Set down exactly, from the records below, the line with "Οι κάτοικοι της" through the line with "从重庆市场受欢迎轿车TOP2", and nothing else.

▶ AVAILABLE DATA:
- Opening Delimiter -
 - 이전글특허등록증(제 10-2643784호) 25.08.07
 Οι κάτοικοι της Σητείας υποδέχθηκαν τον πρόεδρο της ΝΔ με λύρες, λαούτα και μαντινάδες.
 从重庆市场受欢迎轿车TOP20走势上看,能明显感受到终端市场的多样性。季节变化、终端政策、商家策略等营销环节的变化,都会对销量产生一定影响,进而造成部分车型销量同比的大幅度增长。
- Closing Delimiter -
- Opening Delimiter -
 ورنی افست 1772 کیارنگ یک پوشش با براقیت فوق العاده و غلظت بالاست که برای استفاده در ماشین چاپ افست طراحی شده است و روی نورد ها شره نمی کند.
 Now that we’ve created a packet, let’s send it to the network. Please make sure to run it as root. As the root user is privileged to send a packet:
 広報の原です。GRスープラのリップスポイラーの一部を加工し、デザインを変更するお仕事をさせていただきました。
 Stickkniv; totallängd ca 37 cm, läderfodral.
- Closing Delimiter -
▶ TASK OUTPUT:
 Οι κάτοικοι της Σητείας υποδέχθηκαν τον πρόεδρο της ΝΔ με λύρες, λαούτα και μαντινάδες.
 从重庆市场受欢迎轿车TOP20走势上看,能明显感受到终端市场的多样性。季节变化、终端政策、商家策略等营销环节的变化,都会对销量产生一定影响,进而造成部分车型销量同比的大幅度增长。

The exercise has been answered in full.